Frequently failing runs using AWS Batch Spot

Hi,

I’m relatively new to Nextflow/Seqera and I’m hoping to get some help using AWS Batch compute environments for running pipelines.

I am currently using a spot provisioning model to run the nf-corre/methylseq pipeline and I find my runs failing because of instances being taken away from me (see screenshot). I understand that this is part of the deal with the spot model but it is now happening frequently enough that it’s affecting project timelines.

Reading around, it looks like batch parameters like max number of retries and spot price bid could help a bit. However, I’m hoping that there may some better solutions out there to reduce the frequency of such events

Appreciate any help/insight that you can provide!

Hi @sameer_abraham,

Options will vary depending on your cloud provider.

In Nextflow, the standard approach to handle spot instance interruptions is to automatically retry the task, which means the task will restart from the beginning each time it’s interrupted. While effective, this can add extra time and resource usage if interruptions happen frequently.
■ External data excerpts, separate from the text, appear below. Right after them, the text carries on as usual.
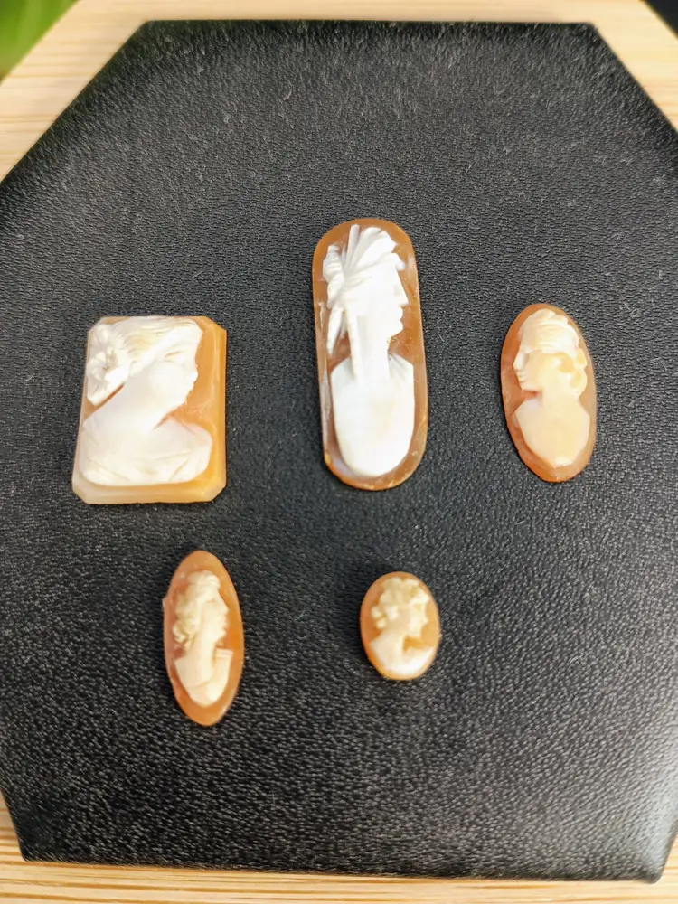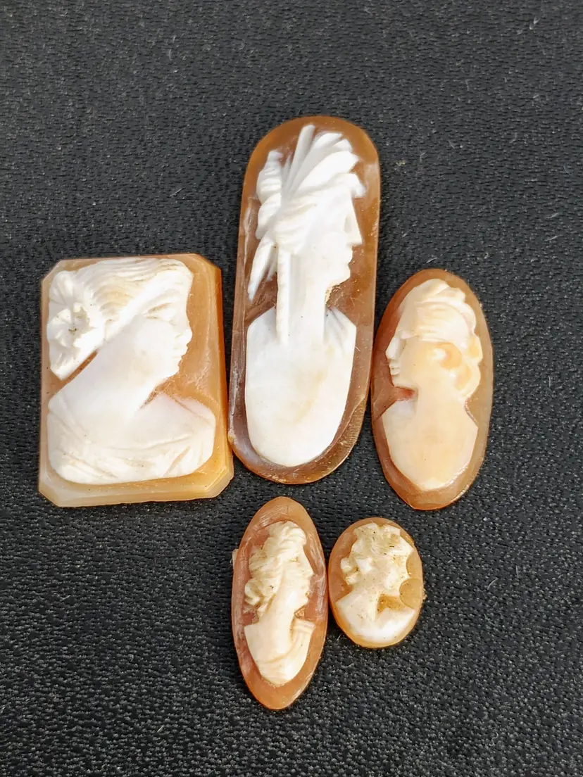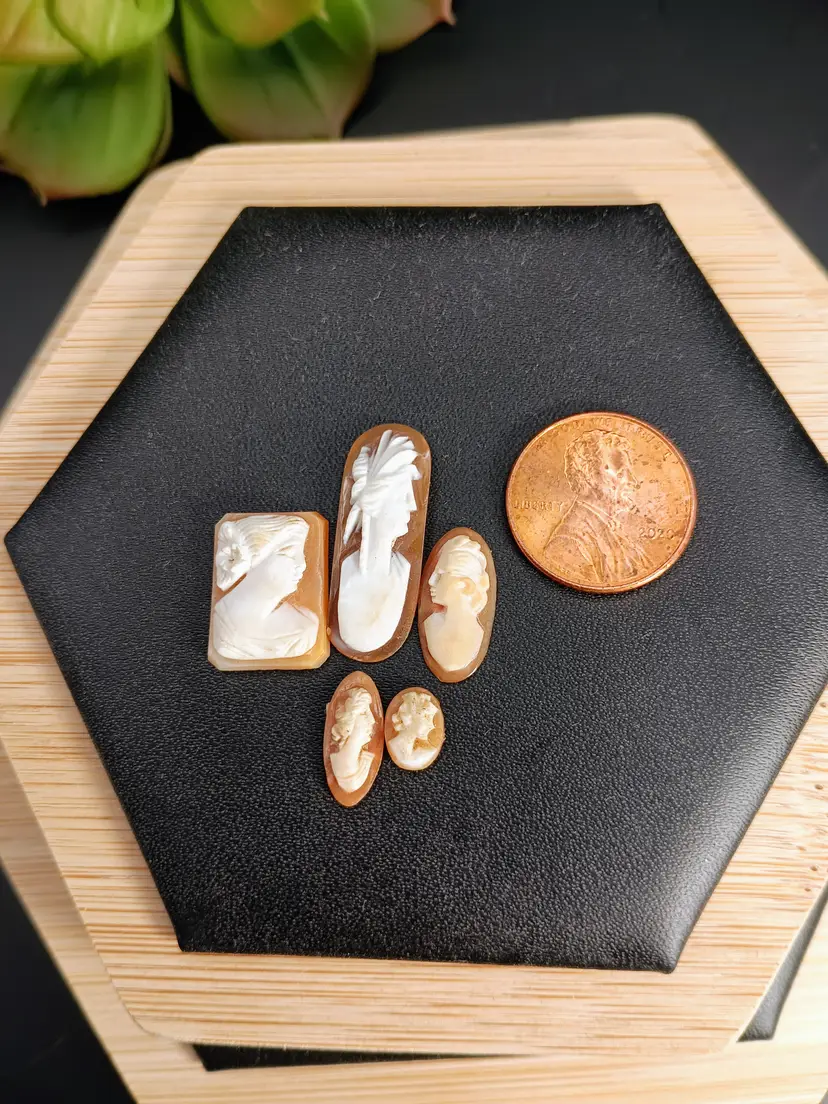 In this lot you will receive five antique cameos. This is a rare lot. They are all made of carved shell. They range in size from 6mm to 25mm. They can be used for any craft, jewelry, or mixed media projects. Or just admired in a display case. These date from the 1890s.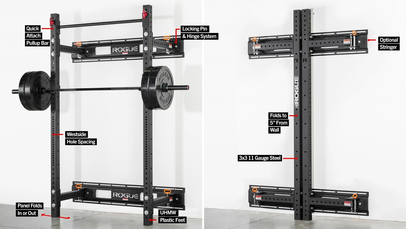 A Rogue original Fold Back Rack is built with two 3×3″ 11 gauge steel uprights, laser cut in Columbus, Ohio, with Westside hole spacing through the bench/pull area, and 2″-on-center spacing above and below. All steel is powder coated in the Rogue factory for a durable finish.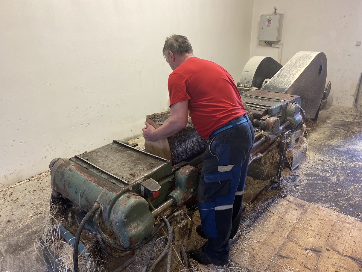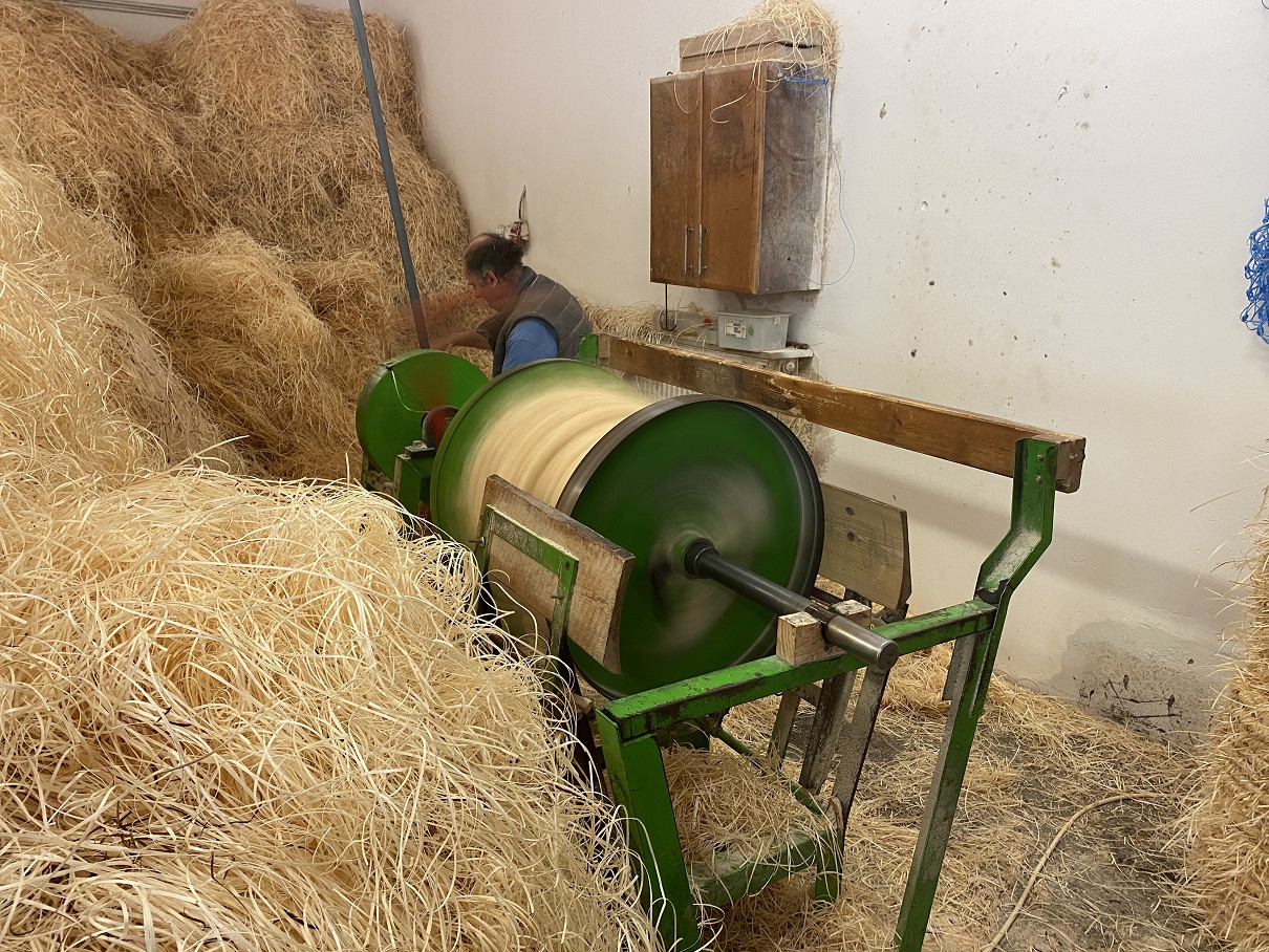 Dřevitá vlna je uložena v hale, kde se z ní na speciálních motacích strojích stáčí dřevěné provazce, nebo se rovnou balí jako konečný produkt k zákazníkovi. Na stáčení provazců se používá hrubá dřevitá vlna. Je to fyzicky náročná práce, proto ji vykonávají pouze muži. „Zapracování na stáčecích strojích trvá kolem tří měsíců, máme k dispozici jeden stroj – trenažér, na kterém si chlapi zaplétání dřevěné vlny ze začátku zkouší, je to o velké manuální zručnosti,“ vysvětluje Marek Švec. I to je jeden z důvodů, proč se snaží zaměstnance udržet a sází na místní zaměstnance. „Mohli bychom samozřejmě zaměstnat za menší peníze i lidi z ciziny, ale ti pak odjedou a museli bychom zaučovat nové. Máme tu i zaměstnance, kteří jsou s firmou téměř po celou dobu jejího fungování.“![]()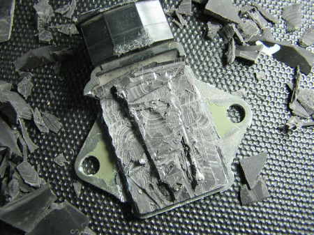 レギュレーター分解 「熱くなる原因を追究する!」 熱くなるレギュレーターの中身が気になったので分解してみることに。 外枠の鋳物をタガネで割ります。 |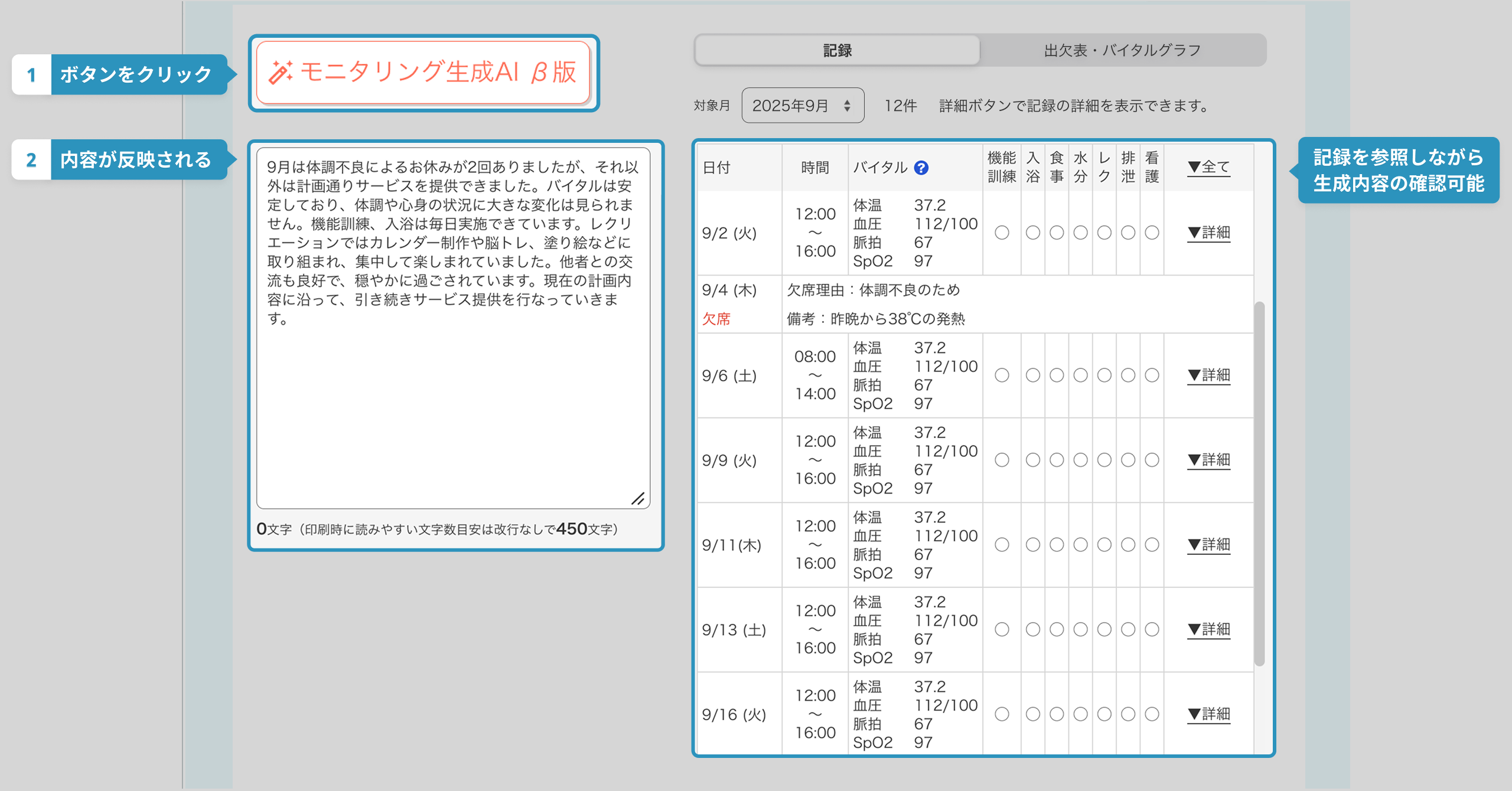 また、モニタリング期間中の記録を確認しながら、AIが生成した報告文の確認・修正もスムーズに行って頂けます。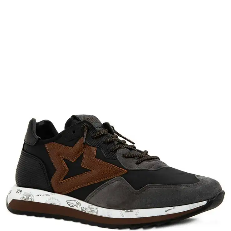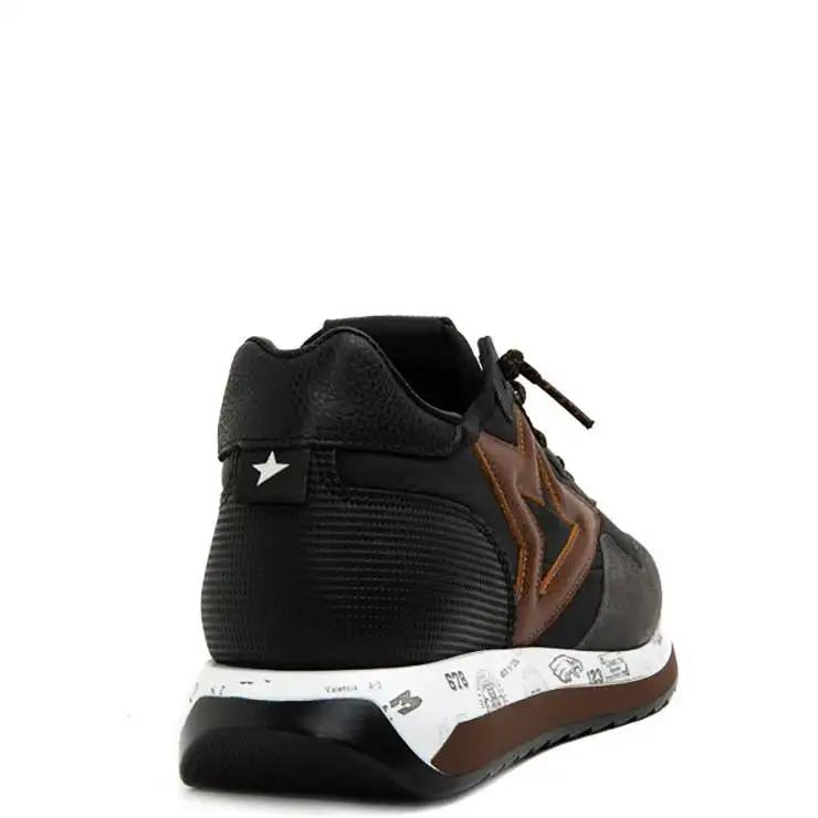 Zapatillas urbanas elaboradas en piel y nylon en combinación de texturas y tonos. Cierre de cordones elásticos. Suela de goma de 3cm. Plantilla extraíble. Cierre con cordones elásticos. Detalle de estrella en relieve en marrón.

For more advanced handling, solutions like Fusion Snapshots in our enterprise offerings allow tasks to resume from their last checkpoint instead of starting over, significantly reducing the impact of interruptions.

Unfortunately, we can’t control how often spot instances are reclaimed; this depends on the policies of the specific cloud provider. You may want to check with them for any options to manage or minimize these interruptions.

Let us know if you have further questions!